• THE TASK: Give the lines below again, exactly as they stand, and leave out the images.

• RECORDED INFORMATION:
┌────────

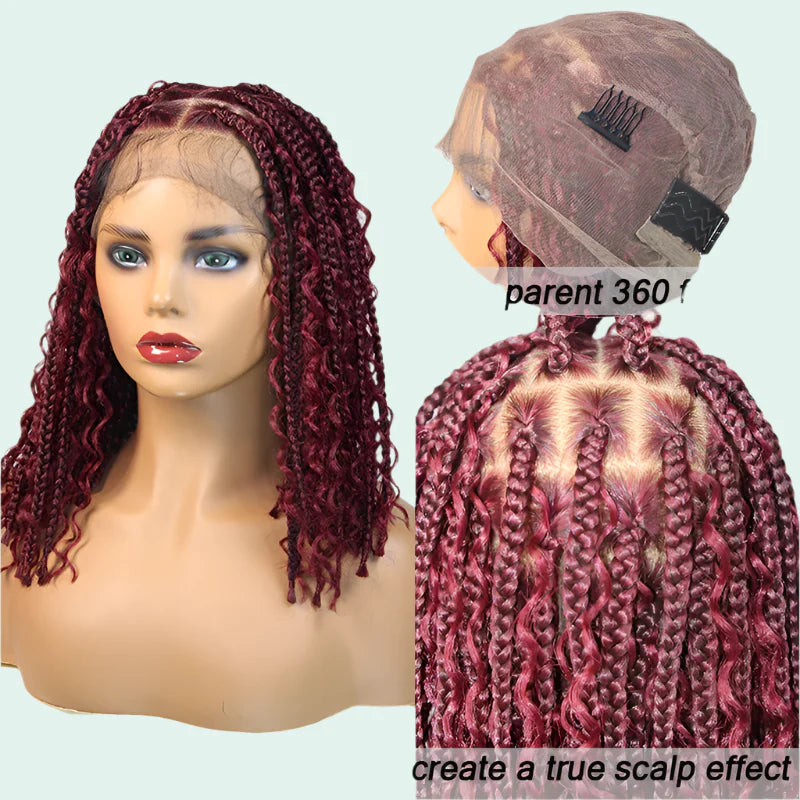 12" Goddess Boho Bob Braids Wig | 360 Lace Frontal | Curly Ends | Ombre & Color Options | Baby Hair
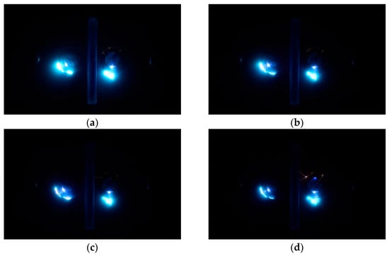 DSLR photographs of VAT pairs operating on 0.1 µF capacitors at (a) 500 V; (b) 400 V; (c) 300 V; and (d) 200 V.
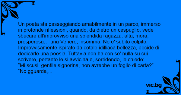 Un poeta sta passeggiando amabilmente in un parco, immerso in profonde riflessioni, quando, da dietro un cespuglio, vede sbucare all’improvviso una splendida ragazza: alta, mora, prosperosa… una Venere, insomma. Ne e’ subito colpito. Improvvisamente ispirato da cotale idilliaca bellezza, decide di dedicarle una poesia. Tuttavia non ha соn se’ nulla su cui scrivere, pertanto le si avvicina e, sorridendo, le chiede:
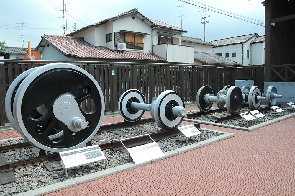 屋外展示場では、普段は間近で見ることができない鉄道標識、信号機や動輪などの実物を見学できます。

└────────

• COMPLETED EXERCISE:
 12" Goddess Boho Bob Braids Wig | 360 Lace Frontal | Curly Ends | Ombre & Color Options | Baby Hair
 DSLR photographs of VAT pairs operating on 0.1 µF capacitors at (a) 500 V; (b) 400 V; (c) 300 V; and (d) 200 V.
 Un poeta sta passeggiando amabilmente in un parco, immerso in profonde riflessioni, quando, da dietro un cespuglio, vede sbucare all’improvviso una splendida ragazza: alta, mora, prosperosa… una Venere, insomma. Ne e’ subito colpito. Improvvisamente ispirato da cotale idilliaca bellezza, decide di dedicarle una poesia. Tuttavia non ha соn se’ nulla su cui scrivere, pertanto le si avvicina e, sorridendo, le chiede:
 屋外展示場では、普段は間近で見ることができない鉄道標識、信号機や動輪などの実物を見学できます。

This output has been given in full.